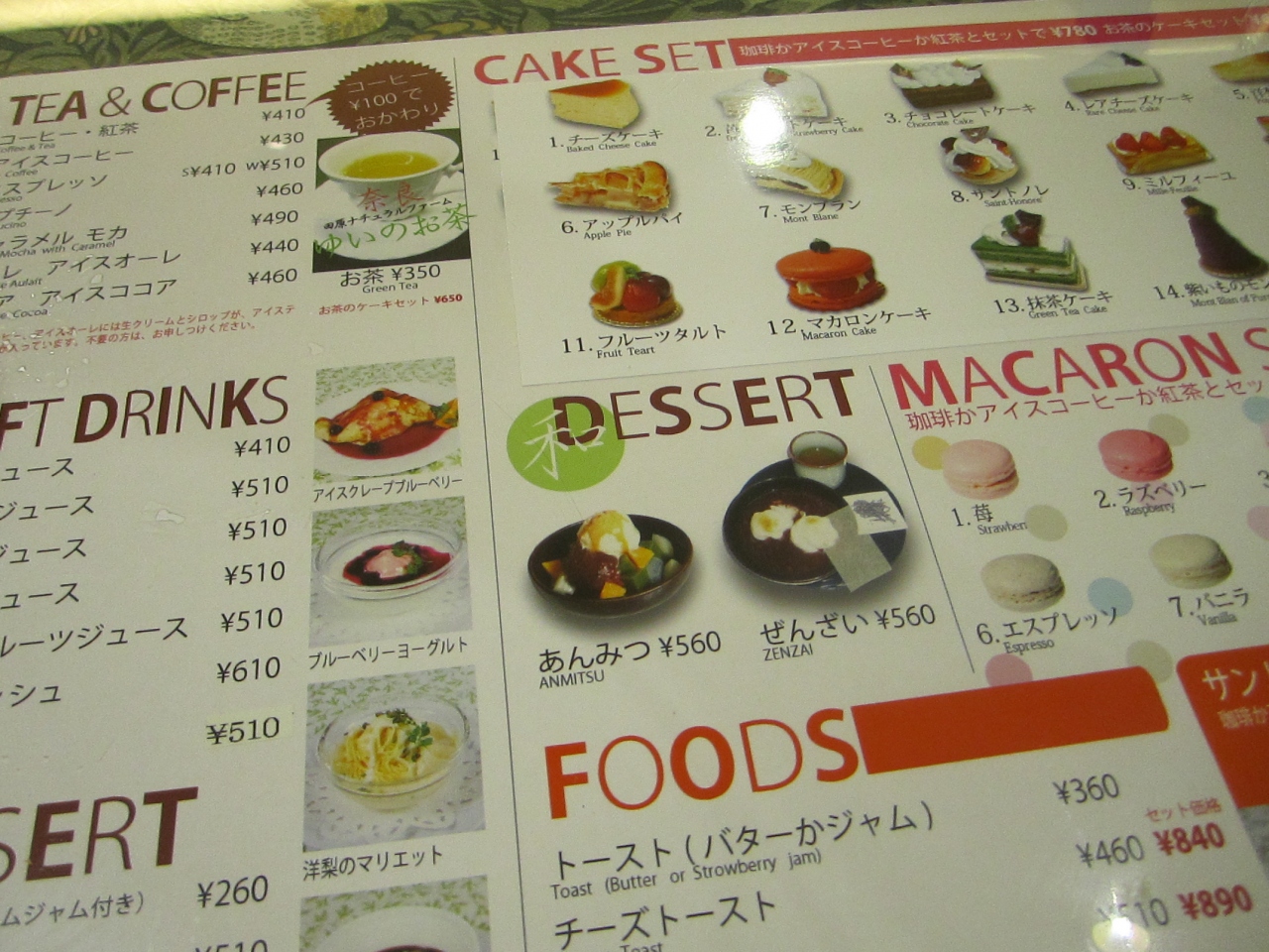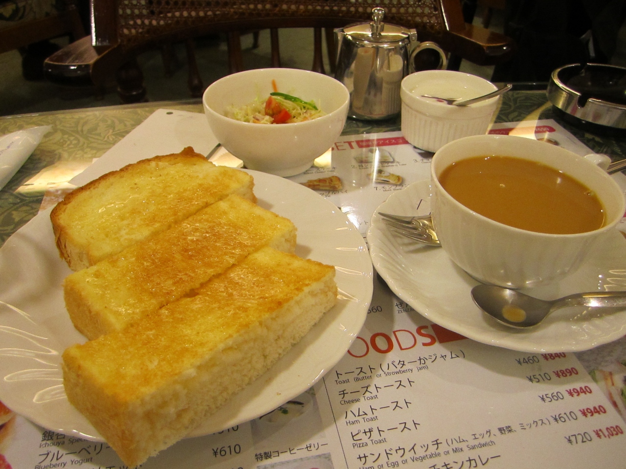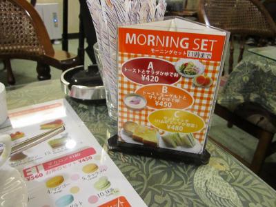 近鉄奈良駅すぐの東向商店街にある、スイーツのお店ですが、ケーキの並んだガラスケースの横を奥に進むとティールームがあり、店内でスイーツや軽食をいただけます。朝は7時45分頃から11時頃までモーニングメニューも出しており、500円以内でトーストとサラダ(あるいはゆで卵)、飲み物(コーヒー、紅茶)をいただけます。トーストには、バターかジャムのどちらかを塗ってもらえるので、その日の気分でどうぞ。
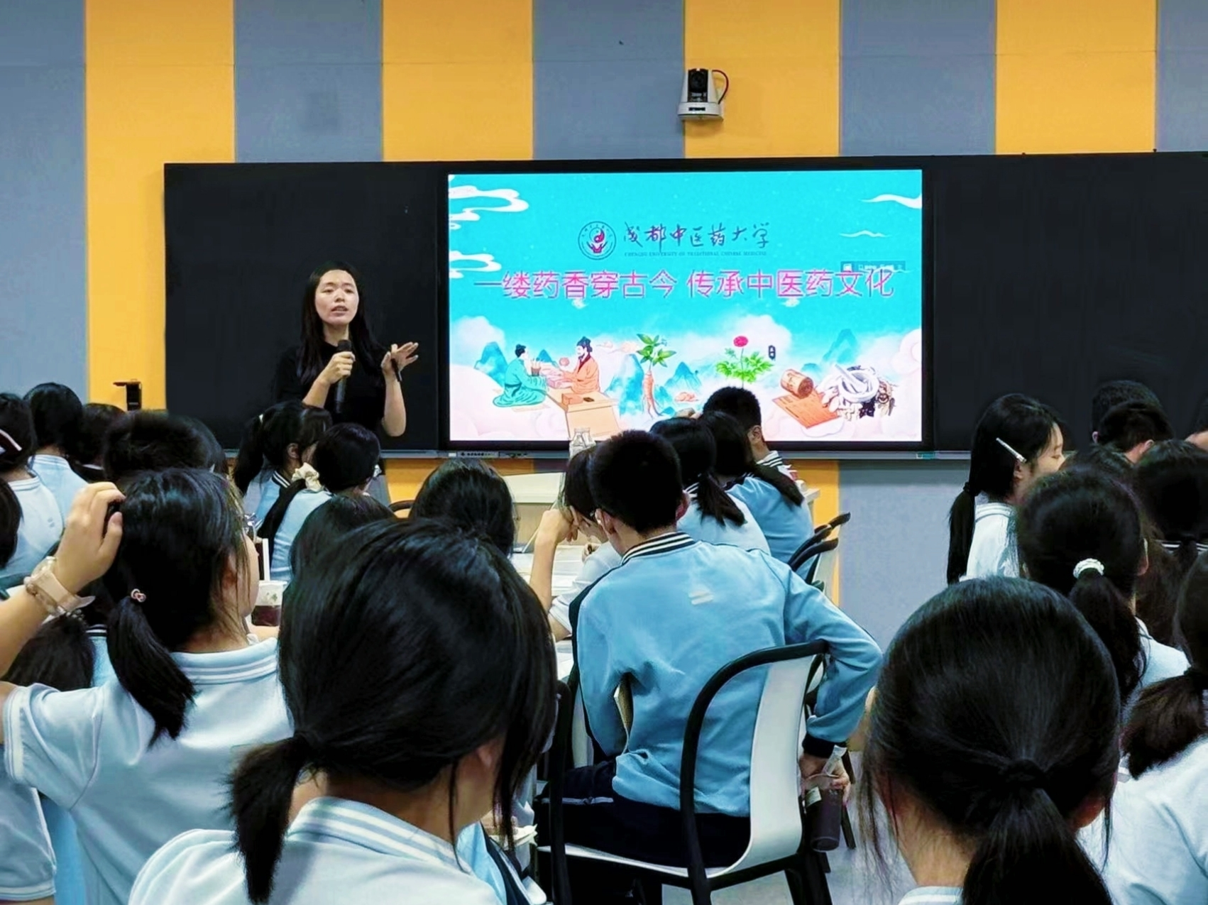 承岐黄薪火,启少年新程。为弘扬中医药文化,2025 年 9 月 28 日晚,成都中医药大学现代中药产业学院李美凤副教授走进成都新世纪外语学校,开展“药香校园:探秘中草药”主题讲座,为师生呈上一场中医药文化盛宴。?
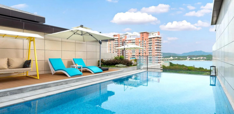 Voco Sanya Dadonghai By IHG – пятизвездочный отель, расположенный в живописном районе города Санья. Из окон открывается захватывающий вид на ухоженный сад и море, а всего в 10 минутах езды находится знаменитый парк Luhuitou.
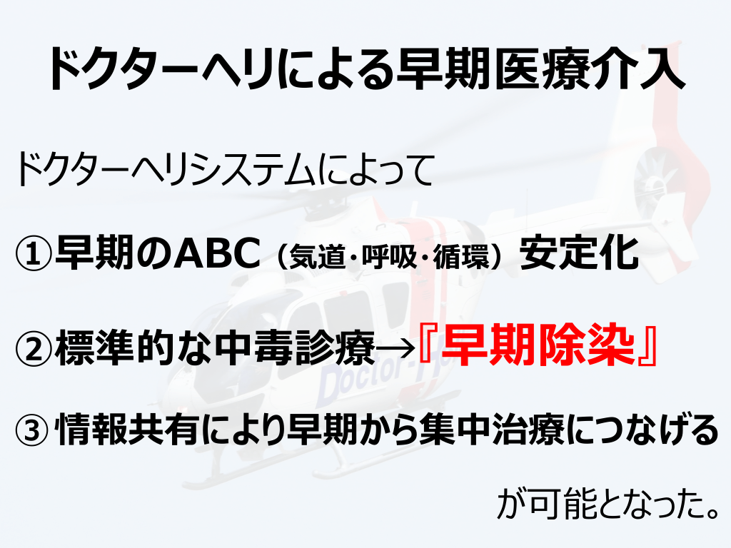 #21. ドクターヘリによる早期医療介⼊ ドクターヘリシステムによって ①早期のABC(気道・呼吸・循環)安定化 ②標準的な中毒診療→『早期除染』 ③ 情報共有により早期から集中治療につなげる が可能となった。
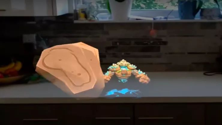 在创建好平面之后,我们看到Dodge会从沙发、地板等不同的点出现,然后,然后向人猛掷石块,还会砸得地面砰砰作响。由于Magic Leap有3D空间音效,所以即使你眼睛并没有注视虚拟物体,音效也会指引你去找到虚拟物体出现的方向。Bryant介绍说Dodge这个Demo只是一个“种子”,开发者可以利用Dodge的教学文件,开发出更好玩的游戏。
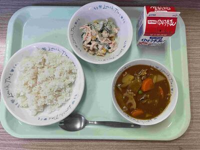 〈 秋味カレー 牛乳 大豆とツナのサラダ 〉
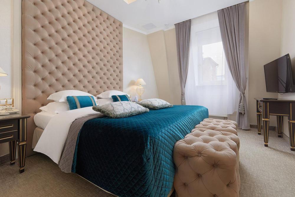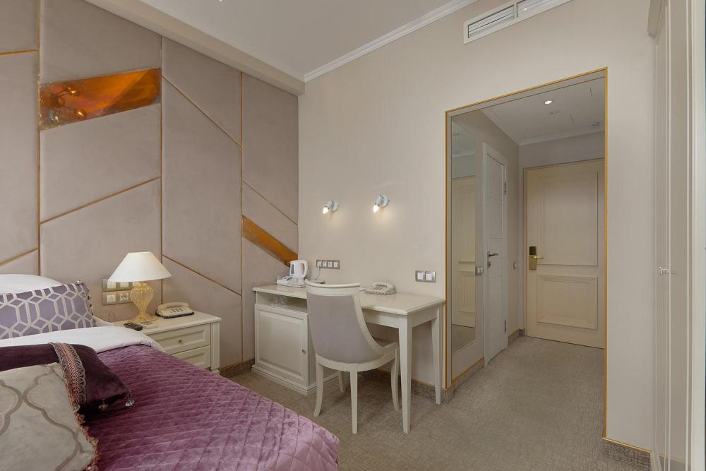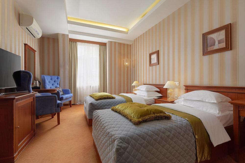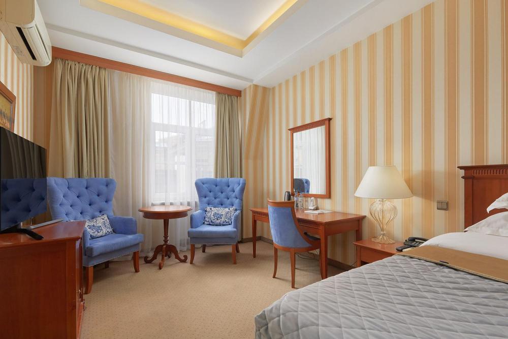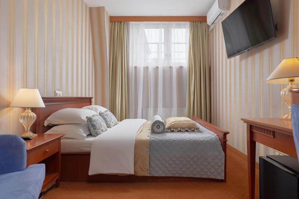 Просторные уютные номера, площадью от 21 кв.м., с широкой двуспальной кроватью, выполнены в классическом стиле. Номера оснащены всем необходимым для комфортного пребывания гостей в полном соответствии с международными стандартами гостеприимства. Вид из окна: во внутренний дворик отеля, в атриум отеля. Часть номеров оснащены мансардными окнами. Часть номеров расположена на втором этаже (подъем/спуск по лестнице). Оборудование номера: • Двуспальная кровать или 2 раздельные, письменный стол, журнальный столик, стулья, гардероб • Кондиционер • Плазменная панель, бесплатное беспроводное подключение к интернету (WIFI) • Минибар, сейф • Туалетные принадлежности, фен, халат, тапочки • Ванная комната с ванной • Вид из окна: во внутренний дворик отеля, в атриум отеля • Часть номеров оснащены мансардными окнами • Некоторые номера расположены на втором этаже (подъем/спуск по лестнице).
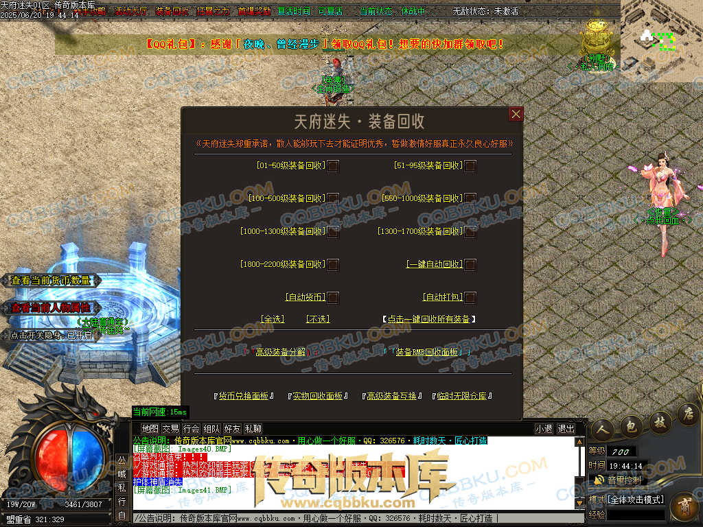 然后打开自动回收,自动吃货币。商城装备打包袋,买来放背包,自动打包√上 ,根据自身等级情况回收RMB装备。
────────────────
**Instructions to follow**
What is needed is a verbatim copy of the lines running from the one with "承岐黄薪火,启少年新程。为弘扬中医药文化,2025 年 9" through the last line of the listing above, excluding any pictures.

**Output for this exercise**
 承岐黄薪火,启少年新程。为弘扬中医药文化,2025 年 9 月 28 日晚,成都中医药大学现代中药产业学院李美凤副教授走进成都新世纪外语学校,开展“药香校园:探秘中草药”主题讲座,为师生呈上一场中医药文化盛宴。?
 Voco Sanya Dadonghai By IHG – пятизвездочный отель, расположенный в живописном районе города Санья. Из окон открывается захватывающий вид на ухоженный сад и море, а всего в 10 минутах езды находится знаменитый парк Luhuitou.
 #21. ドクターヘリによる早期医療介⼊ ドクターヘリシステムによって ①早期のABC(気道・呼吸・循環)安定化 ②標準的な中毒診療→『早期除染』 ③ 情報共有により早期から集中治療につなげる が可能となった。
 在创建好平面之后,我们看到Dodge会从沙发、地板等不同的点出现,然后,然后向人猛掷石块,还会砸得地面砰砰作响。由于Magic Leap有3D空间音效,所以即使你眼睛并没有注视虚拟物体,音效也会指引你去找到虚拟物体出现的方向。Bryant介绍说Dodge这个Demo只是一个“种子”,开发者可以利用Dodge的教学文件,开发出更好玩的游戏。
 〈 秋味カレー 牛乳 大豆とツナのサラダ 〉
 Просторные уютные номера, площадью от 21 кв.м., с широкой двуспальной кроватью, выполнены в классическом стиле. Номера оснащены всем необходимым для комфортного пребывания гостей в полном соответствии с международными стандартами гостеприимства. Вид из окна: во внутренний дворик отеля, в атриум отеля. Часть номеров оснащены мансардными окнами. Часть номеров расположена на втором этаже (подъем/спуск по лестнице). Оборудование номера: • Двуспальная кровать или 2 раздельные, письменный стол, журнальный столик, стулья, гардероб • Кондиционер • Плазменная панель, бесплатное беспроводное подключение к интернету (WIFI) • Минибар, сейф • Туалетные принадлежности, фен, халат, тапочки • Ванная комната с ванной • Вид из окна: во внутренний дворик отеля, в атриум отеля • Часть номеров оснащены мансардными окнами • Некоторые номера расположены на втором этаже (подъем/спуск по лестнице).
 然后打开自动回收,自动吃货币。商城装备打包袋,买来放背包,自动打包√上 ,根据自身等级情况回收RMB装备。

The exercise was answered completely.